IN THE BAG: The Mitsubishi Outlander seven-seat SUV has been awarded a full five-star ANCAP safety rating despite not being fitted with third-row curtain airbags.

ANCAP lauds third-row airbag benefits, issues five-star results to cars without them

21 Jan 2022

A RECENT social media post by independent safety body ANCAP (Australasian New Car Assessment Program) has piqued the interest of numerous safety-conscious owners and would-be buyers of seven-seat SUVs, not to mention the motoring media. 

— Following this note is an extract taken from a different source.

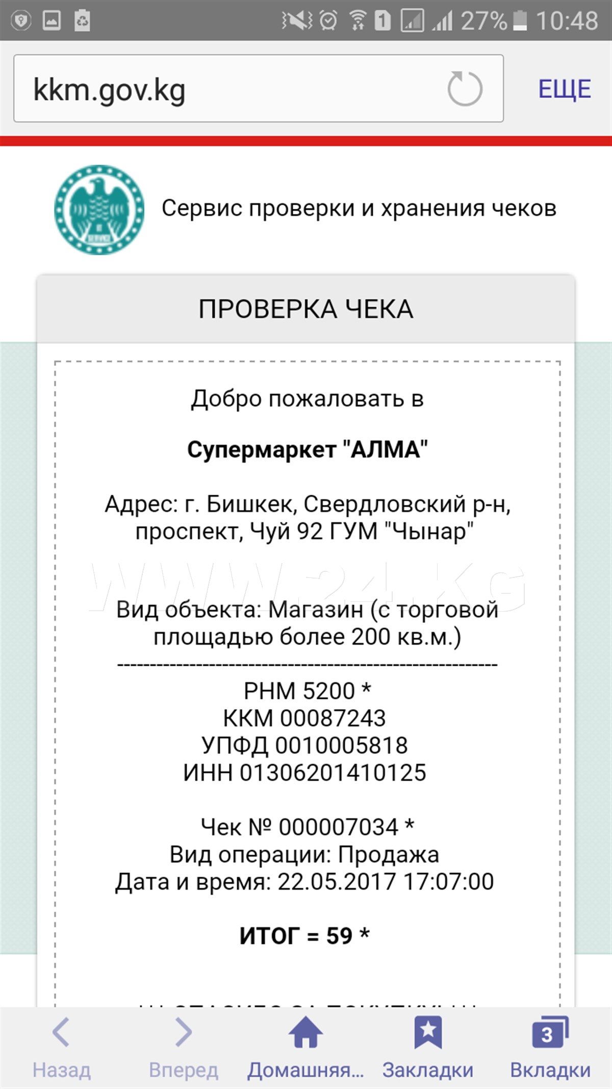 Чтобы проверить достоверность с компьютера, нужно зайти на сайт — www.kkm.gov.kg. В специальных полях следует пробить регистрационный номер контрольно-кассовой машины, номер чека и сумму, указанную на чеке. На этом же сайте можно проследить количество модернизированных (установленных) ККМ, количество и сумму выбитых чеков. Данные обновляются каждые 10 секунд.

The post, published on 13 January, said: “ANCAP test criteria encourages the fitting of curtain airbags across all seating rows because we all deserve to ride safe”, which, despite the positivity of its sentiment, does not accurately convey the truth about ANCAP test protocols as they apply to third-row occupants.


For a vehicle to achieve top marks, ANCAP does not require the fitment of curtain airbags in vehicles with three or more rows of seats and does not functionally test third-row curtain airbags where fitted.


In fact, there are no current crash-test protocols for occupant safety when seated in the rearmost positions of a vehicle with three or more rows of seats – be it in the event of a frontal, side, or rear impact collision. 


Furthermore, vehicles without third-row curtain airbags are still eligible to receive a five-star ANCAP safety score, which confuses the issue for many potential buyers.


ANCAP lists whether third-row curtain airbags are fitted to a new vehicle – and marks down vehicles that offer only partial airbag coverage to third-row occupants. Vehicles without third-row head protecting curtain airbags may, however, still earn a five-star safety result.


Of the 44 new seven-seat SUVs and five people movers available on the Australian new-vehicle market, 37 offer head-protecting curtain airbags that extend to the third row of seats.


But a mere handful of these feature curtain airbags that extend fully from the C to D pillars.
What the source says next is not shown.